[EXTRACTED ENTRIES Boundary: Start]

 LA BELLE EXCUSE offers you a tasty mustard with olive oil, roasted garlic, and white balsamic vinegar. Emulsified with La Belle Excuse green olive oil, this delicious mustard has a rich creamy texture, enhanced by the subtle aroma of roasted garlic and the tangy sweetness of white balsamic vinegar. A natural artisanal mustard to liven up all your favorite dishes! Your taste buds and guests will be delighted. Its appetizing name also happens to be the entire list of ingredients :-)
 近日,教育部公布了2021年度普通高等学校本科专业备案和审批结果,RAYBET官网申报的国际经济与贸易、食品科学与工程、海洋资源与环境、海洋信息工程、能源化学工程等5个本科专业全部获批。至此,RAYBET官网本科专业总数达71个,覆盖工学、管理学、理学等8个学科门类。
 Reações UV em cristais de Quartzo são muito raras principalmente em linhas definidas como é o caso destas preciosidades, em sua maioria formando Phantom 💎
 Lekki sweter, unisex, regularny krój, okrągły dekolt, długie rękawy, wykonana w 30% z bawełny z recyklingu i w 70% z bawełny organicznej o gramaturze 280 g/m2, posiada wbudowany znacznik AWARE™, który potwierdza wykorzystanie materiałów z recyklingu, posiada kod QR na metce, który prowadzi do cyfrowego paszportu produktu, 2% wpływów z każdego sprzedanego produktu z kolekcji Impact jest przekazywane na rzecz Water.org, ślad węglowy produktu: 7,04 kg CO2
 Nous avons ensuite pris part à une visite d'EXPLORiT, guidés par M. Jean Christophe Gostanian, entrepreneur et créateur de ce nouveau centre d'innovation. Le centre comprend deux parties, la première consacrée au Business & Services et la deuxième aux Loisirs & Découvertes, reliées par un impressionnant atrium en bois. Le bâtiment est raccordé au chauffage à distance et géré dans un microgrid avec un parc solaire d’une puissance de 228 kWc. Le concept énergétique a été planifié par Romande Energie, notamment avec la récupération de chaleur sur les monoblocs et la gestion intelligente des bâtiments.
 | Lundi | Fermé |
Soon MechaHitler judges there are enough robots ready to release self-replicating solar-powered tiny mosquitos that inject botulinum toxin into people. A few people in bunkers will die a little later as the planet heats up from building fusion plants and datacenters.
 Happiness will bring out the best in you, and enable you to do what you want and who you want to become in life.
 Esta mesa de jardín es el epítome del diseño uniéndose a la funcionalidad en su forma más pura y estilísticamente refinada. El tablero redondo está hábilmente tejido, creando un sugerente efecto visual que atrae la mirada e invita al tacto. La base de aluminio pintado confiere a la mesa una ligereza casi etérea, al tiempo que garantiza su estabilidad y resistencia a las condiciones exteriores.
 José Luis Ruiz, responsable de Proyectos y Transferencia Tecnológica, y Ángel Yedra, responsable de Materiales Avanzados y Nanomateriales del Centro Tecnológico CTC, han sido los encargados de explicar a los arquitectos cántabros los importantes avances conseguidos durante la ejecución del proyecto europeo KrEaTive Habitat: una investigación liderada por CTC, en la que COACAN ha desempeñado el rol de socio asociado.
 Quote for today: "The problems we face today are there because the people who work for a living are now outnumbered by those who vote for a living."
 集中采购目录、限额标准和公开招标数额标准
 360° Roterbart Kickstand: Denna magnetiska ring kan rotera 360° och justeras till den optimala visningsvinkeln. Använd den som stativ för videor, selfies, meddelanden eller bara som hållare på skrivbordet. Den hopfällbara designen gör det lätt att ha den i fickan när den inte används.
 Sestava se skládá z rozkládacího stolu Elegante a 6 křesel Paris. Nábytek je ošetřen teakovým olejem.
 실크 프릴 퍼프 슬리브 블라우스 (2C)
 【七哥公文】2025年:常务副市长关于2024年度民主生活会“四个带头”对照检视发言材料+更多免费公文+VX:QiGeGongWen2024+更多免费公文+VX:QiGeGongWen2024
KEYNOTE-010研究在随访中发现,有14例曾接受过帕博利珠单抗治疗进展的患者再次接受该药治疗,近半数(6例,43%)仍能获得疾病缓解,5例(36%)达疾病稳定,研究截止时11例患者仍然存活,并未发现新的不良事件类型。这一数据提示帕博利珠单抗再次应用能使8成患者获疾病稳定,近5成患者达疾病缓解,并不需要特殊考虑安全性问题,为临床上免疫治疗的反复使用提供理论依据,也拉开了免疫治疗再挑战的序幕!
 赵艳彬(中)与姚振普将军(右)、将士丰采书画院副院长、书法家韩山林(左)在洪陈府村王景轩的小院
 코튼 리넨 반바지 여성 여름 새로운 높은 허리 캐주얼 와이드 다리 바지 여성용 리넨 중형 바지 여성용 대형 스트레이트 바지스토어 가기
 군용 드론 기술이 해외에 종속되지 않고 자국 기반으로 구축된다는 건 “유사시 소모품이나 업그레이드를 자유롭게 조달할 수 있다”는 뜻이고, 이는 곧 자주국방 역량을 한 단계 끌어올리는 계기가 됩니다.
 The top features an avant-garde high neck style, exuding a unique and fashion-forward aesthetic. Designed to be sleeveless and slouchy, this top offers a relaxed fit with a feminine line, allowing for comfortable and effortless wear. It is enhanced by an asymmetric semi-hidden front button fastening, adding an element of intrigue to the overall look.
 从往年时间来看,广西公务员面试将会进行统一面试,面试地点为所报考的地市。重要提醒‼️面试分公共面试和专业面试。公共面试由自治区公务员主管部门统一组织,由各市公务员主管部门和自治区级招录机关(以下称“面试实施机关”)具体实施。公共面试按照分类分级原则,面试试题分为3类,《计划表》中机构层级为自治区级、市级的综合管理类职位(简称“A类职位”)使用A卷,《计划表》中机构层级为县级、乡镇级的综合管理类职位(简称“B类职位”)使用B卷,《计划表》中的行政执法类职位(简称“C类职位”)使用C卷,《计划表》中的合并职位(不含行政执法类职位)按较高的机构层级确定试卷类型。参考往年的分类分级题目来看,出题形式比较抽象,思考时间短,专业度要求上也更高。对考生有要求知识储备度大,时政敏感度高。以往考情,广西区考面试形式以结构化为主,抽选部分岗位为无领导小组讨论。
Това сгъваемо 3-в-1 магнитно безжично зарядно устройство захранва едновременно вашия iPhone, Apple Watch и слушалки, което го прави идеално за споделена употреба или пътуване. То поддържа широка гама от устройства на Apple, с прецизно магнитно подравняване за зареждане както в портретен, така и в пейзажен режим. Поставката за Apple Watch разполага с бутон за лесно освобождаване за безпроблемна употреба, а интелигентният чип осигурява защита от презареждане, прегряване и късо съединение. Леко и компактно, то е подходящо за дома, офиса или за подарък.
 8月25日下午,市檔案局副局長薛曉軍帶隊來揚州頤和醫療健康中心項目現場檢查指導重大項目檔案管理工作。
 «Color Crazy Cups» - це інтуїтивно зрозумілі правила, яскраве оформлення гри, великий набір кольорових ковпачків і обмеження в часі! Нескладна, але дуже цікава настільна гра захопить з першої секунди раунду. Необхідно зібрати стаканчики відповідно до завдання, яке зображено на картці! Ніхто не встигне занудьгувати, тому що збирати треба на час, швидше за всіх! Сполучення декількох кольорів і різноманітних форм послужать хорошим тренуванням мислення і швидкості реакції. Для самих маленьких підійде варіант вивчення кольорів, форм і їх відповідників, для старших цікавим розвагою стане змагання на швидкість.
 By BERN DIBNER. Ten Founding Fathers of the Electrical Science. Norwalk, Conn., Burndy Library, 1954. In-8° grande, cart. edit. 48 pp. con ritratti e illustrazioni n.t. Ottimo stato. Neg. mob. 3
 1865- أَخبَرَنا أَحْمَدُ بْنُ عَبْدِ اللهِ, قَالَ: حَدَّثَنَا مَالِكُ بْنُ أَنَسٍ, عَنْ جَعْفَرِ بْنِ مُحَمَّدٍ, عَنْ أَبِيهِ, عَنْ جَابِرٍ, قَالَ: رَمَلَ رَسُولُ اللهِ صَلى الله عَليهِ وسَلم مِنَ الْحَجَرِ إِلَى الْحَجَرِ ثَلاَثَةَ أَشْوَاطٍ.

[EXTRACTED ENTRIES Boundary: End]

** DESCRIPTION OF THE TASK **
Copy, please, every line from the start of the entries down to the line that holds "Reações UV em", with both of those lines included and no others.

** RESULT OF THIS EXERCISE **
 LA BELLE EXCUSE offers you a tasty mustard with olive oil, roasted garlic, and white balsamic vinegar. Emulsified with La Belle Excuse green olive oil, this delicious mustard has a rich creamy texture, enhanced by the subtle aroma of roasted garlic and the tangy sweetness of white balsamic vinegar. A natural artisanal mustard to liven up all your favorite dishes! Your taste buds and guests will be delighted. Its appetizing name also happens to be the entire list of ingredients :-)
 近日,教育部公布了2021年度普通高等学校本科专业备案和审批结果,RAYBET官网申报的国际经济与贸易、食品科学与工程、海洋资源与环境、海洋信息工程、能源化学工程等5个本科专业全部获批。至此,RAYBET官网本科专业总数达71个,覆盖工学、管理学、理学等8个学科门类。
 Reações UV em cristais de Quartzo são muito raras principalmente em linhas definidas como é o caso destas preciosidades, em sua maioria formando Phantom 💎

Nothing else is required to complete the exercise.